O estudo começou na Universidade de Adelaide, na Austrália e atualmente já está presente na Inglaterra, Índia e China. Há uma expectativa de que o Brasil faça parte do projeto. “Com a nossa diversidade de ambientes, nossos vários climas e biomas, seria possível contribuir significativamente para o avanço deste estudo”, pontua Manuela.
Digital Sequence Information (DSI)
Seis reuniões sobre o tema de Informação de Sequencias Digitais (DSI, sigla em inglês) foram realizadas com a participação ativa de países que detém a maior diversidade de espécies no mundo (Like-minded megadiverse countries), países da África e América Latina e Caribe, Canadá, Coreia, Japão, Suíça e União Europeia, entre outros.
O debate considerou as implicações do uso da sequência genética aos três objetivos da CDB. “A Convenção trata de recursos genéticos e o debate girou em torno de se as sequencias genéticas devem ser tratadas da mesmo forma que a matéria física”, explicou Manuela.
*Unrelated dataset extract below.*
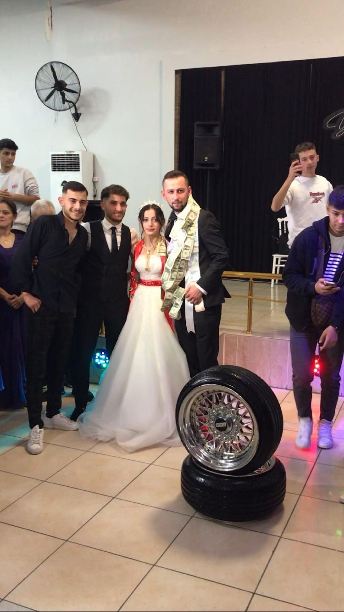 İlçede esnaflık yapan 18 yaşındaki Yiğitcan Demirer ise, 35 bin lira değerindeki iki adet jant ve lastikle düğün salonuna girdi.

Três elementos-chave das reuniões foram: se a repartição de benefícios em DSI será uma exigência; se o tema deverá ser tratado no Protocolo de Nagoya; e a definição de DSI. “Entendo que a definição tem que ser mais restrita a sequencias genéticas, que são produzidos a partir dos recursos genéticos”, observa Manuela.
Ao final das discussões, foi aprovado a decisão da COP 14 sobre este tema.O resultado é o estabelecimento de estudos para definir qual o conceito de DSI a ser adotado; como os países que já possuem legislação de acesso à repartição de benefícios (ABS, sigla em inglês) abordam a questão de sequencias genéticas, incluindo a repartição de benefícios; como DSI é usado; informações sobre rastreabilidade; e a quantidade e o escopo dos bancos de dados públicos e privados.